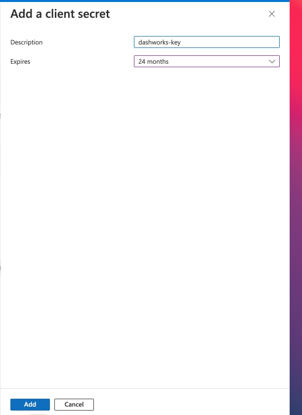 Copy the Value of the newly created secret key, this will be required in the SSO creation process on Dashworks app
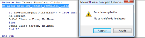 Soy nuevo en esto de la programación y autodidacta. Mis avances son muy lentos. La cuestión es que les quiero decir a Access mediante el editor de visual basic lo siguiente:
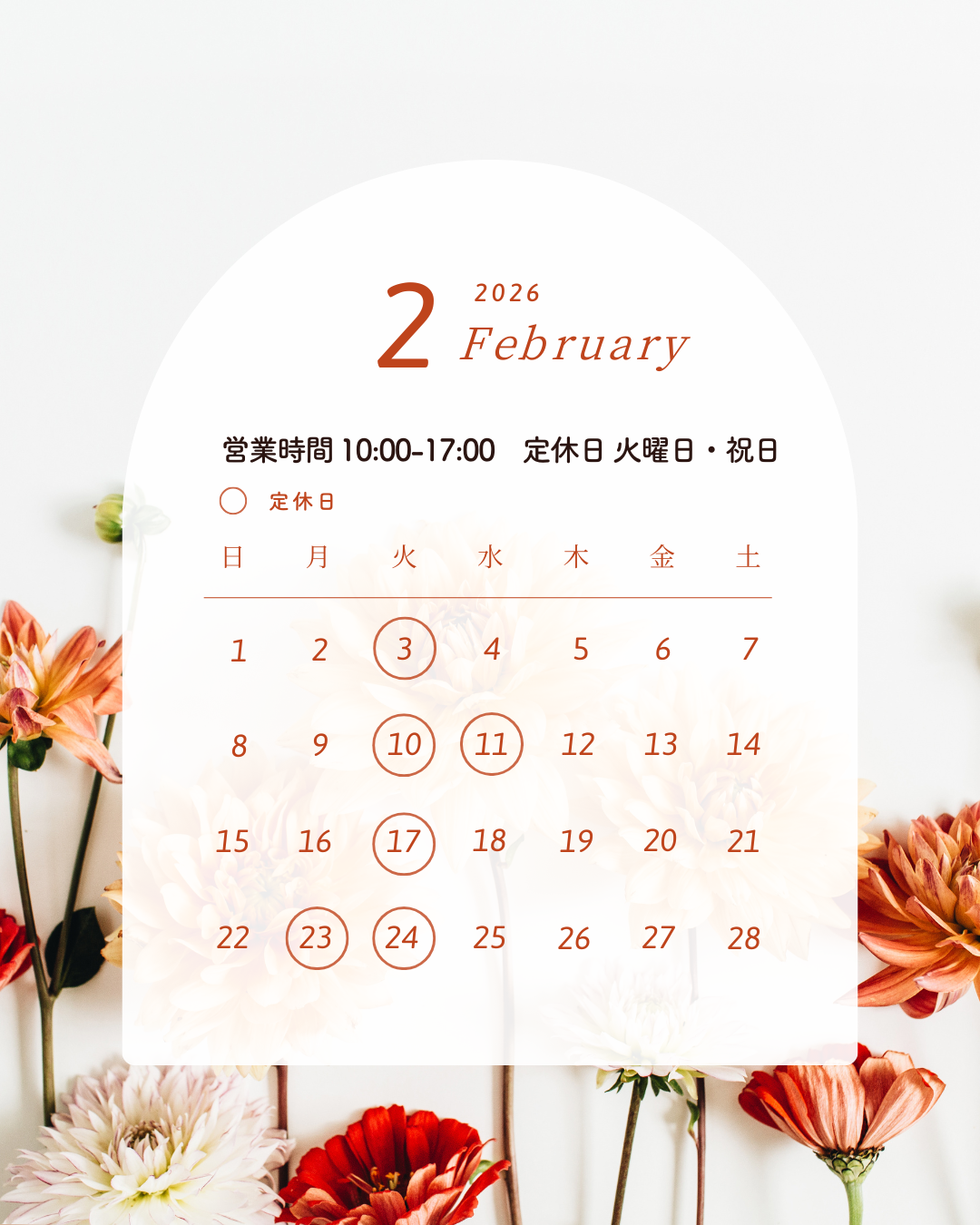2月休みのお知らせ 2026 01/29 Published 2026.01.29 / sato \ この記事を共有 / B! リンクをコピーする 2月休みのお知らせ sato B! リンクをコピーする 2月は下記の日程が連休となります。 2月10日(火)・11日(水) 2月23日(月)・24日(火) 家族の介護のため、視力測定・ジュエリーリフォームは【ご予約制】とさせていただいております。 お電話またはLINEにてご予約をお願いいたします。 LINEで相談▷ HP▷
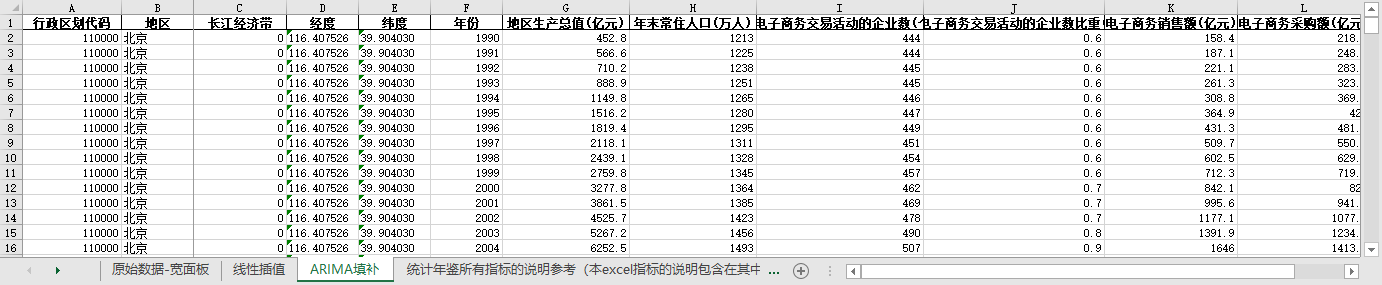 excel数据文件包原始数据-宽面板(由于多年度指标不同存在缺失值)、线性插值、ARIMA填补三个版本,提供您参考使用。
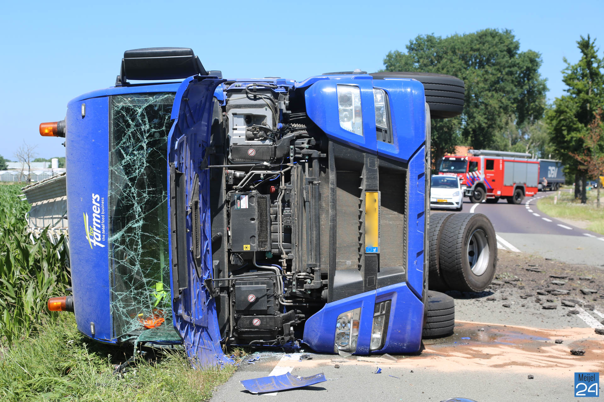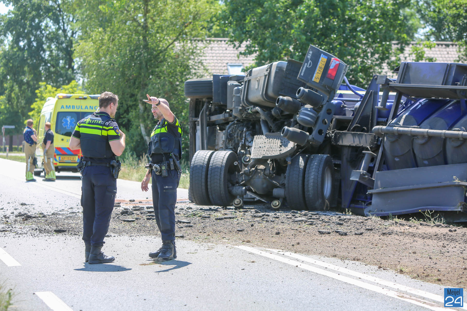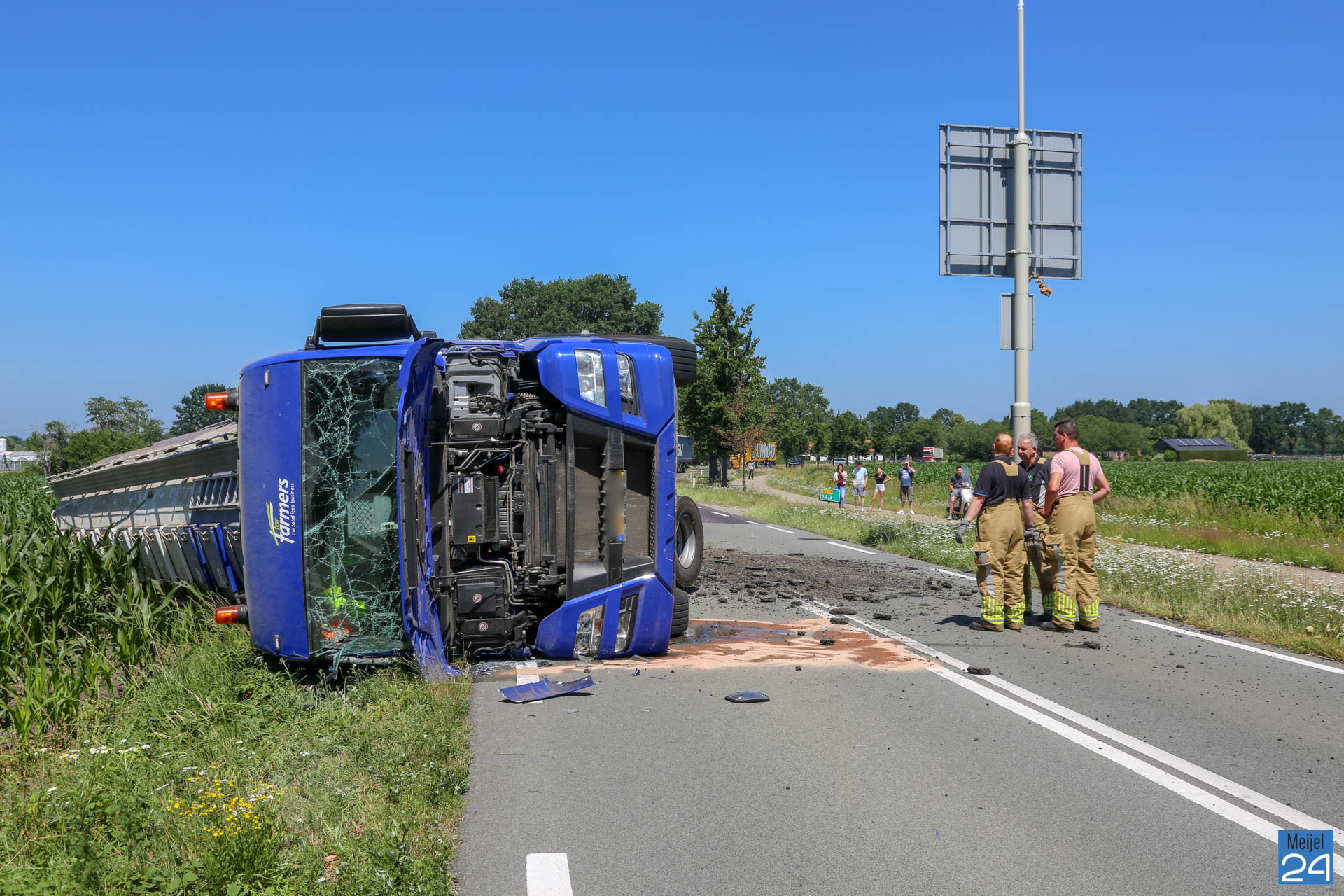 Vrijdagmiddag is een vrachtauto gekanteld op de Roggelsedijk (N279) in Meijel. Door een nog onbekende oorzaak raakte de chauffeur naast de provinciale weg en kantelde.

········

(Required work):
In your answer, repeat all the entries exactly, but leave out the pictures.

(Response):
 Copy the Value of the newly created secret key, this will be required in the SSO creation process on Dashworks app
 Soy nuevo en esto de la programación y autodidacta. Mis avances son muy lentos. La cuestión es que les quiero decir a Access mediante el editor de visual basic lo siguiente:
2月休みのお知らせ 2026 01/29 Published 2026.01.29 / sato \ この記事を共有 / B! リンクをコピーする 2月休みのお知らせ sato B! リンクをコピーする 2月は下記の日程が連休となります。 2月10日(火)・11日(水) 2月23日(月)・24日(火) 家族の介護のため、視力測定・ジュエリーリフォームは【ご予約制】とさせていただいております。 お電話またはLINEにてご予約をお願いいたします。 LINEで相談▷ HP▷
 excel数据文件包原始数据-宽面板(由于多年度指标不同存在缺失值)、线性插值、ARIMA填补三个版本,提供您参考使用。
 Vrijdagmiddag is een vrachtauto gekanteld op de Roggelsedijk (N279) in Meijel. Door een nog onbekende oorzaak raakte de chauffeur naast de provinciale weg en kantelde.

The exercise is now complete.